Prompt: Repeat exactly the line with "鄭州潔能達環保科技有限公司位" and each line after it to the end of the data below; pictures stay out.

Data:
=-=-=

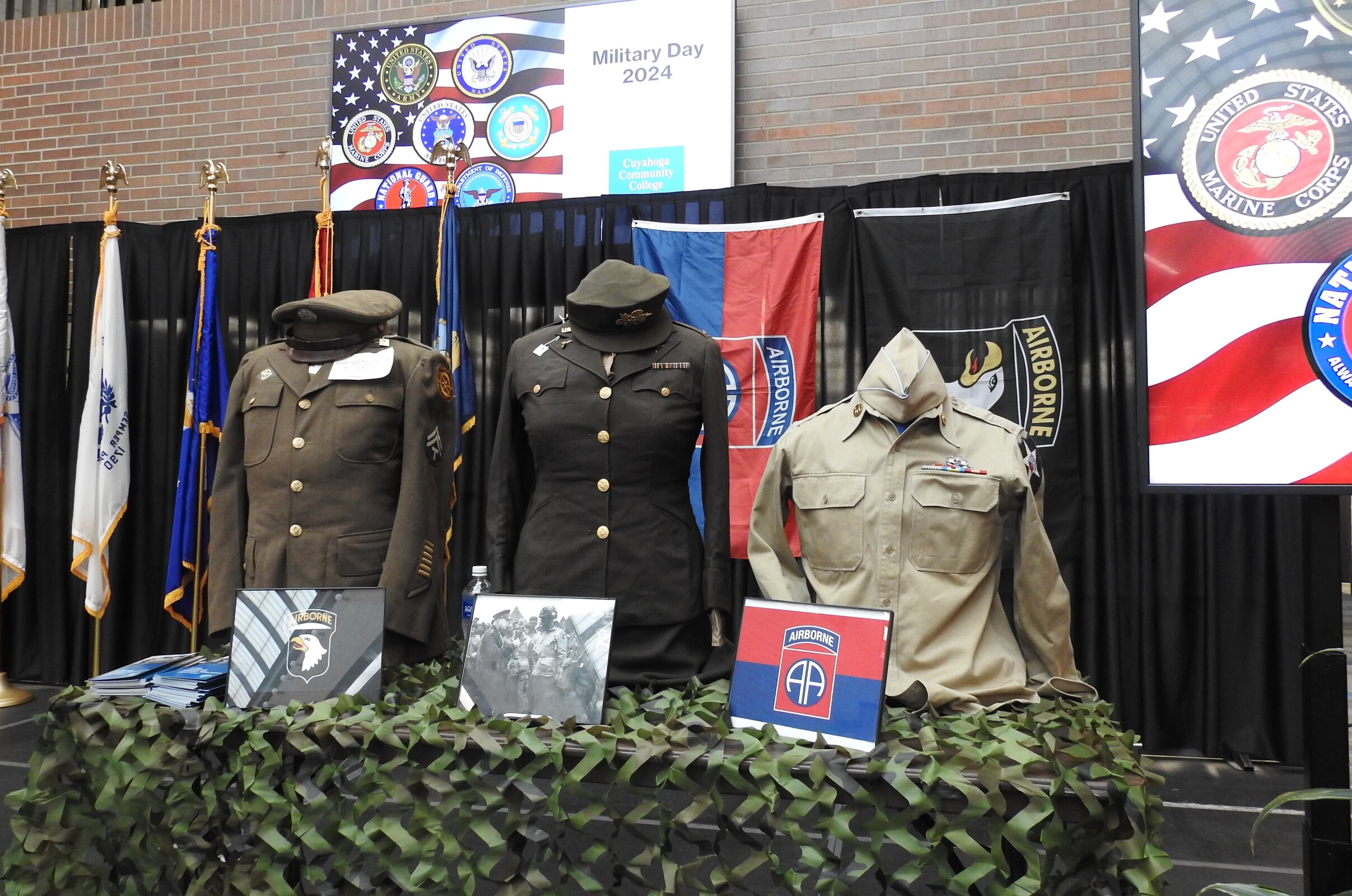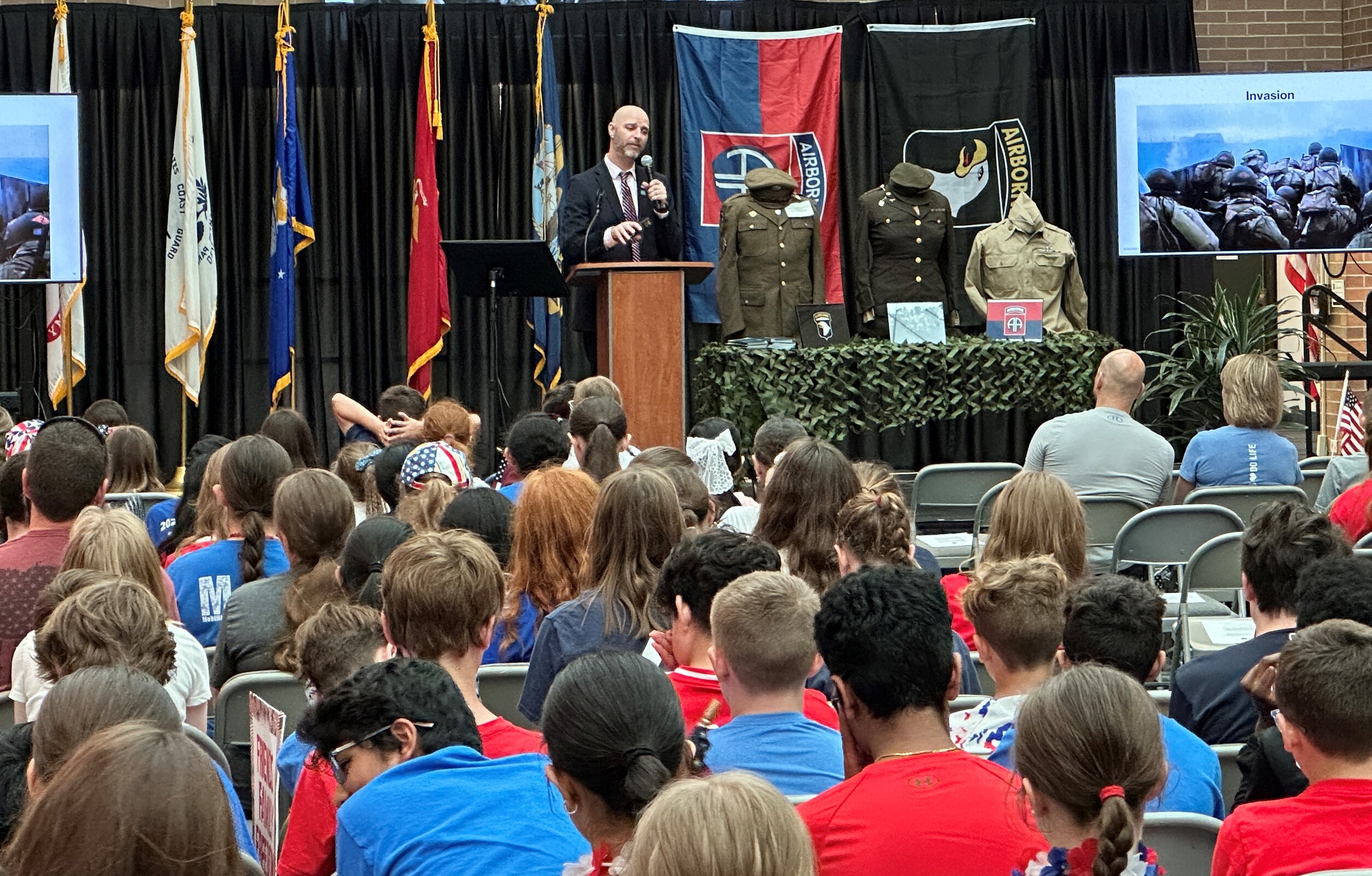 The important role of paratroopers (airborne troops) also was explained by Miller. He used video clips and historic photos to illustrate his presentation. A display of flags from the various branches of the military and some World War II era uniforms were displayed on the stage.
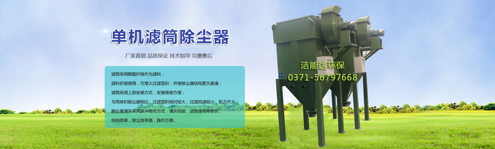 鄭州潔能達環保科技有限公司位于河南省鄭州國家高新技術產業開發區,是一家專業從事濾筒除塵器、布袋除塵器、水膜除塵器、脈沖除塵器、多管除塵器等環保設備設計、制造、銷售、技術服務、技術咨詢為一體的綜合性科技企業,擁有完善的技術和完善的加工制作體系,能滿足不同客戶的需要,是河南除塵器等環保設備的生產廠家。企業以技術進步、技術創新為主動力,不斷開發新產品,擴大企業的發展空間,形成了適應市場需求的主導產品。如:各種系列濾筒式除塵器、各系列布袋式除塵器、除塵脫硫一體化技術、各種除塵器配件等,其產品適用于各行業的除塵脫硫工程,完全能滿足現場揚塵、含硫設備的正常運行和排放要求,并且運行穩定,效率高,維修量小,達到和滿足國家和各地方大氣污染物的排放標準要求。
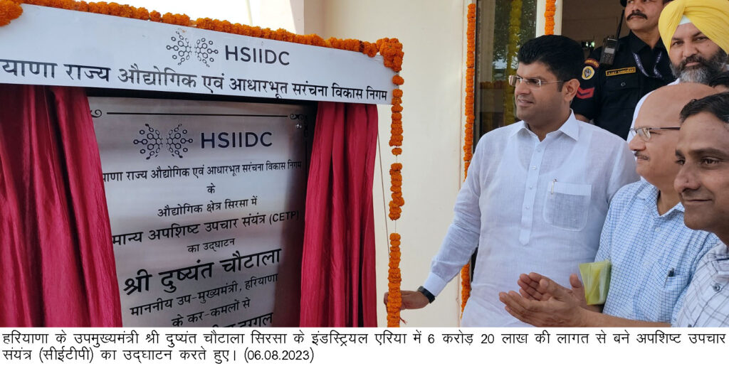 उपमुख्यमंत्री ने सिरसा में 6 करोड़ 20 लाख की लागत से बने अपशिष्ट उपचार संयंत्र का किया उदघाटन
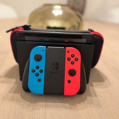 Nintendo Switch konsol med hvide Joy-Con og spil

=-=-=

Solved problem:
 鄭州潔能達環保科技有限公司位于河南省鄭州國家高新技術產業開發區,是一家專業從事濾筒除塵器、布袋除塵器、水膜除塵器、脈沖除塵器、多管除塵器等環保設備設計、制造、銷售、技術服務、技術咨詢為一體的綜合性科技企業,擁有完善的技術和完善的加工制作體系,能滿足不同客戶的需要,是河南除塵器等環保設備的生產廠家。企業以技術進步、技術創新為主動力,不斷開發新產品,擴大企業的發展空間,形成了適應市場需求的主導產品。如:各種系列濾筒式除塵器、各系列布袋式除塵器、除塵脫硫一體化技術、各種除塵器配件等,其產品適用于各行業的除塵脫硫工程,完全能滿足現場揚塵、含硫設備的正常運行和排放要求,并且運行穩定,效率高,維修量小,達到和滿足國家和各地方大氣污染物的排放標準要求。
 उपमुख्यमंत्री ने सिरसा में 6 करोड़ 20 लाख की लागत से बने अपशिष्ट उपचार संयंत्र का किया उदघाटन
 Nintendo Switch konsol med hvide Joy-Con og spil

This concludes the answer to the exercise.